During the same decade, the extraction of hard coal increased in England by 22%, in Germany by 52%, in the United States by 61%, in Russia by 131%. Oil production in Russia was 115 million poods in 1885, 631 million poods in 1900, and 656 million poods in 1904.

It is important to note that, on the advice of Witte and Mendeleev, Nicholas II, back in 1896, introduced significant restrictions on the export of crude oil - in order to develop the domestic oil refining industry.

But oil prices in 1892-1896. grew (from 20 dollars to about 40 per barrel - and these were still those dollars, many times more "weighty" than the current ones), and if the Sovereign did not think about the future of Russia and did not heed the advice of Witte and Mendeleev, Russia missed then there would be a historical chance to start a breakthrough in mechanical engineering and many other industries.

As a result of this decision, almost all the oil from Baku went for processing to the central regions of Russia, stimulating the development of engineering. That is why in Russia, already at the end of the 19th century, the first engineering developments of the great V. G. Shukhov (1853–1939) were needed: an oil pipeline (it was invented by him back in 1878). Even before 1917, he developed and applied in Russia pipeline systems, various types of equipment and technologies for the oil industry, cylindrical oil storage tanks, and river tankers.

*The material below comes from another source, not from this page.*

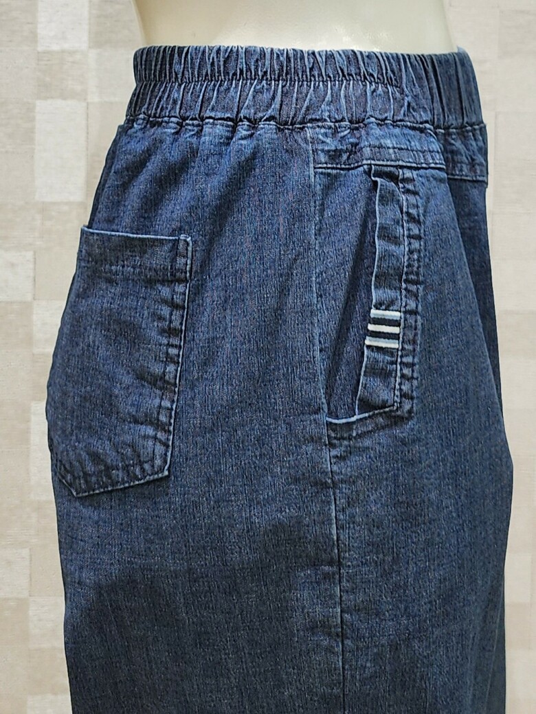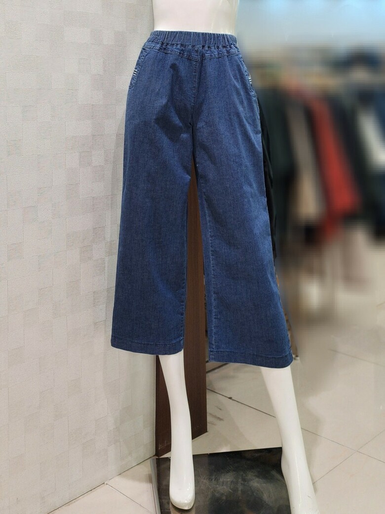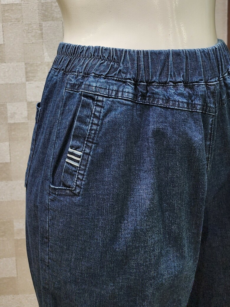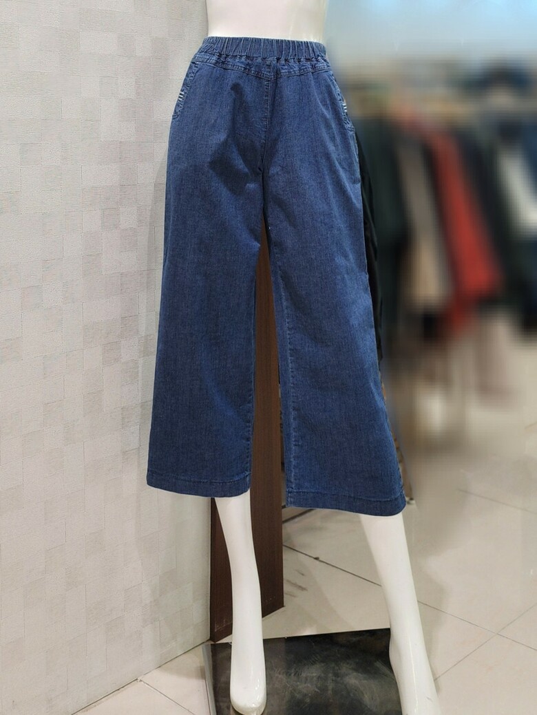8부 기장 밴딩 청바지.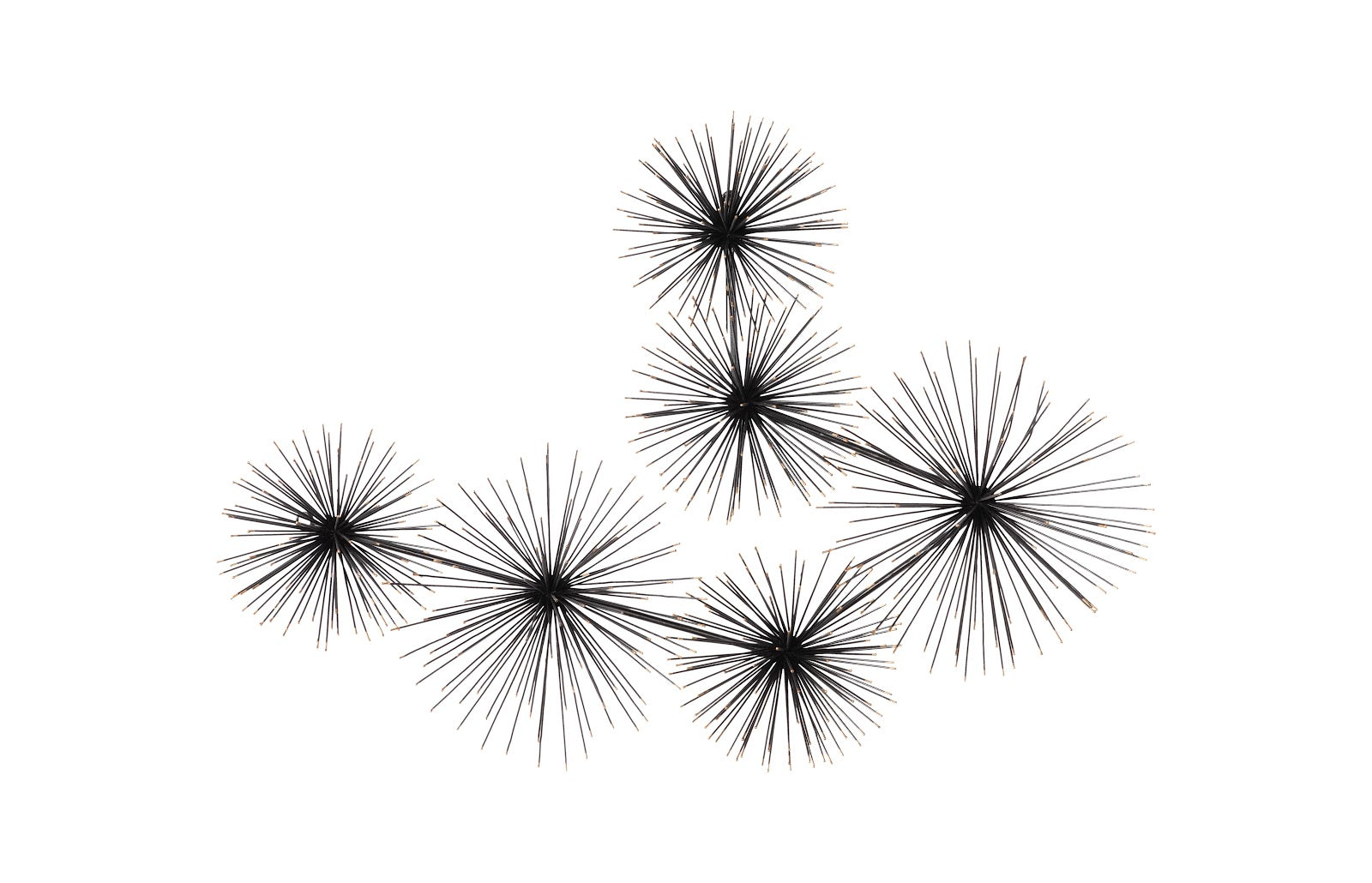 Made of metal, the Sea Root Wall Art has a subtle surprise in store. Each rounded tip of the black extrusions that coalesce to mimic the shape of a sea urchin is tipped in gold. The black wall sculpture has a delicate profile as the explosions of needles float along an angular frame. The fact that we are imitating Nature in a contemporary wall sculpture makes this piece a perfect example of the Phillips Collection ethos of modern organic.

He also invented methods for deep processing (airlift and thermal cracking) of oil.

V. Rogozin and other Russian engineers, scientists and entrepreneurs also made a great contribution to the technology of the oil refining industry. Not everyone knows that the quality of Russian machine oils and other refined products in the 1900s was the best in the world, and even the world leader in the oil industry Standard Oil (Rockefeller's empire) wrote on the packaging and advertising of their machine oils "The quality of Russian oils"! One of the flagships of the Russian oil industry was the BraNobel company (brothers Ludwig and Robert Nobel). It was they who, by the beginning of the 20th century, completely ousted Standard Oil from the Russian market and began exporting Russian oil products (kerosene, oils, gasoline) to Europe. Not everyone knows that Alfred Nobel (who left for Sweden at the end of the 19th century and engaged in the production of dynamite there) later joined the Russian Branobel, and the Nobel Prize first appeared in this company (the first prize was awarded to three Russian oil engineers ), and that it was the income of BraNobel that became the basis of the famous bonus fund of Alfred Nobel himself. It is also important to note that at all enterprises of the Nobel brothers in Russia the level of concern for workers was very high: high wages, social protection, good housing, hospitals, and sports grounds.

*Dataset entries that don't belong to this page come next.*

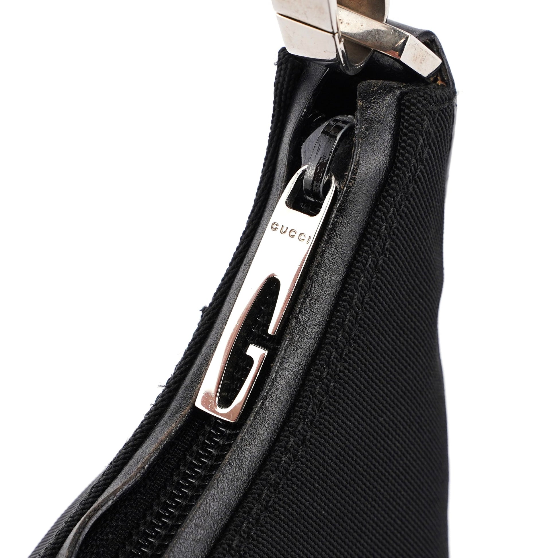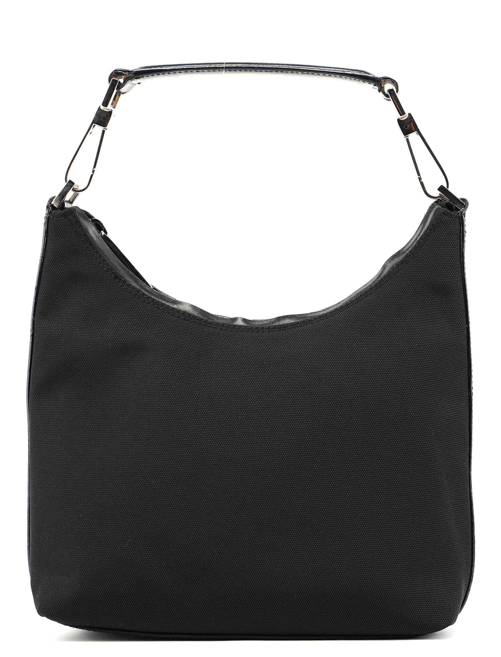 Handcrafted from black canvas and tonal leather, this Gucci Hobo bag by Tom Ford from the late 1990s features silver-tone hardware engraved with the Gucci logo, a zipper closure, and a cotton-lined interior with an interior pocket, showcasing timeless elegance.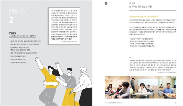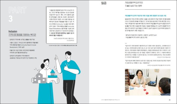 6개 사업 부서(능력향상촉진부, 자기주도지원부, 직업지원부, 공유자원부, 지역포괄촉진부, 건강증진부)의 협조를 받아 기획협력팀이 제작하고, 디자인업체 ‘그래픽오션’이 편집디자인과 인쇄를 진행했습니다.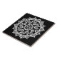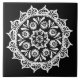 Esta mandala blanca se sienta sobre un fondo negro. Parte de la colección Brosya Mandala.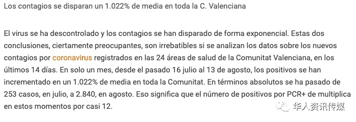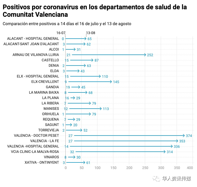 根据西班牙当地媒体LEVANTE报道,新冠病毒已经失控,感染率直线上升。如果分析过去14天在瓦伦西亚自治区24个卫生区登记的新增确诊感染数据,这样的结论无疑令人担忧。从7月16日到8月13日,仅一个月时间,整个自治区的确诊感染者平均增加了1.022%。从绝对值上看,从7月份的253例增加到8月份的2840例,这意味着感染人数增加了12倍。 旅游业和人口最多的巴伦西亚市区以及 Elx感染病例最多,集中了48.46%的感染病例。València-Doctor Peset, València-La Fe, València-Hospital General y València Clínic-La Malva-rosa 处于领先地位,共计1,377名感染病例。 而在Dénia,Castelló,Orihuela和Torrevieja,最近几周感染率也成倍增长。Manises地区感染率占自治区总数的3.97%,113例;Arnau de Vilanova-Llíria 占8.87%,有252例。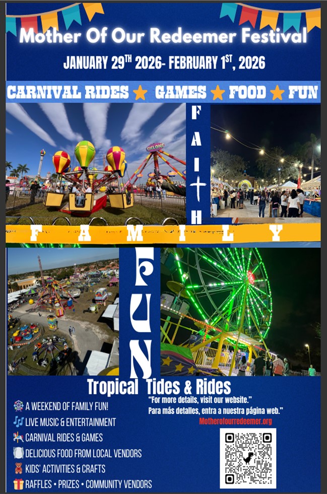 Visitenos para celebrar el festival anual de la Parroquia Católica Madre de Nuestro Redentor. 29, 30 y 31 de enero y 1 de febrero de 2026. Disfrute de comida multicultural, visite el pabellón de vendedores y diviértase en las atracciones mecánicas para niños y adultos. Descuentos disponibles por compra anticipada para los juegos mecanicos. Aproveche nuestras oportunidades de patrocinio, comerciantes y mas.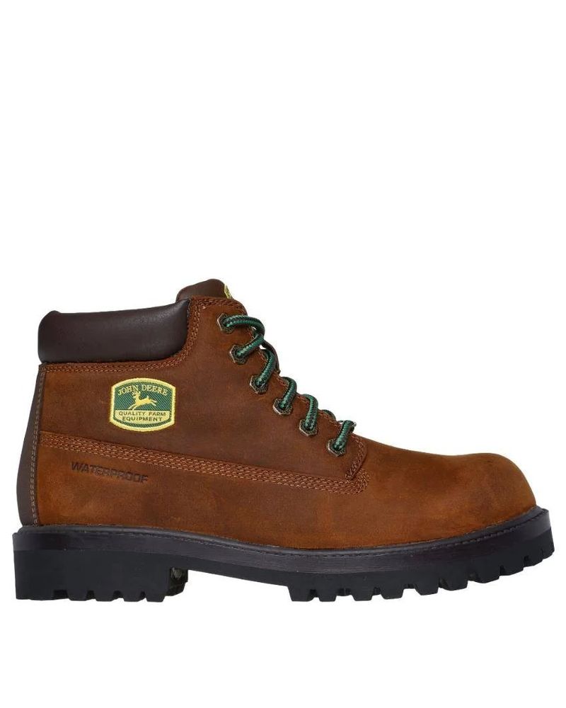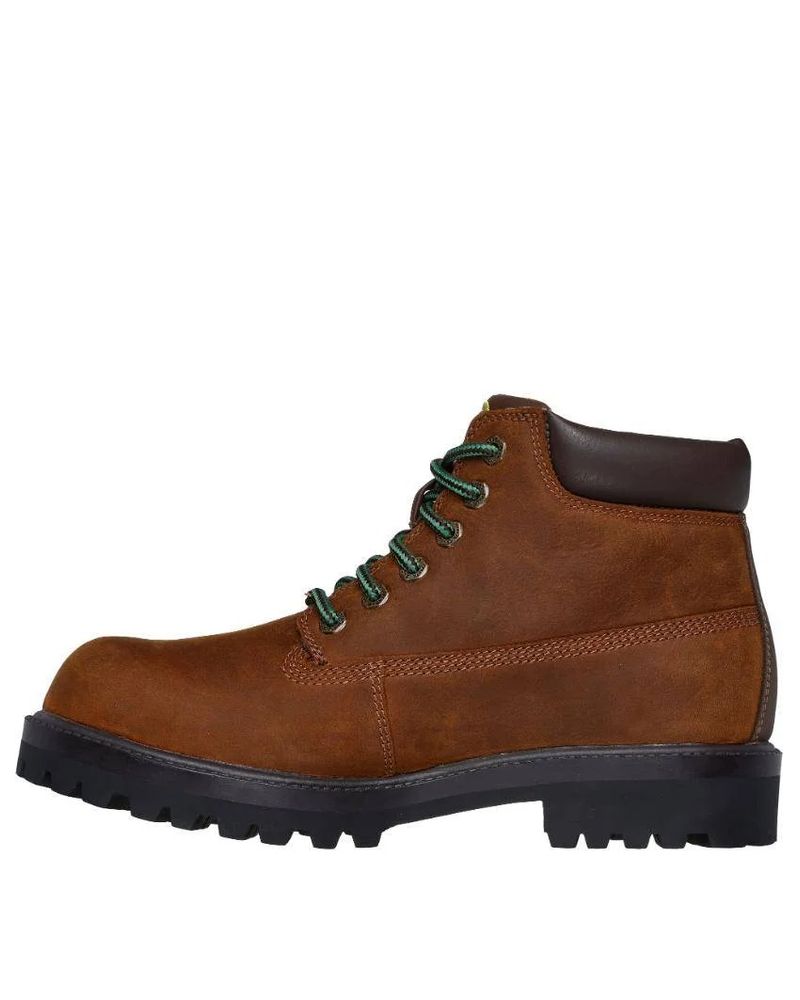 Disfruta de la máxima comodidad durante todo el día con las botas de trabajo Skechers x John Deere: Sergeants – Dozer. Estas botas de corte relajado con cordones presentan una parte superior de cuero impermeable con cuello acolchado y una plantilla acolchada Skechers Air-Cooled Memory Foam.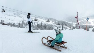 Am ersten Tag fuhren wir mit der Komperdellbahn zur Mittelstation auf 1.980 m, wo wir unsere Schlitten ausliehen. Von dort ging es mit dem Schlitten runter ins Tal. Eine schöne Rodelstrecke, welche mehrheitlich durch den Wald führt. Nicht allzu steil, aber auch nicht zu flach. Ideal für Groß und Klein.

And if tsarist Russia had exported all its crude oil, it would not have happened, and the Russian economic miracle of 1907-1914 would not have happened. (It will be discussed later). Of course, the main export item in tsarist Russia was grain and other agricultural products, but the decree of the Sovereign to restrict oil exports in 1896 turned out to be all the more important and correct. For comparison, over the past ten years (1999-2009) not a single oil refinery has been built in Russia: it is not economically profitable for oil companies to develop new technologies and build factories.

Well, in Russia at the beginning of the last century, the production of consumer goods also increased significantly.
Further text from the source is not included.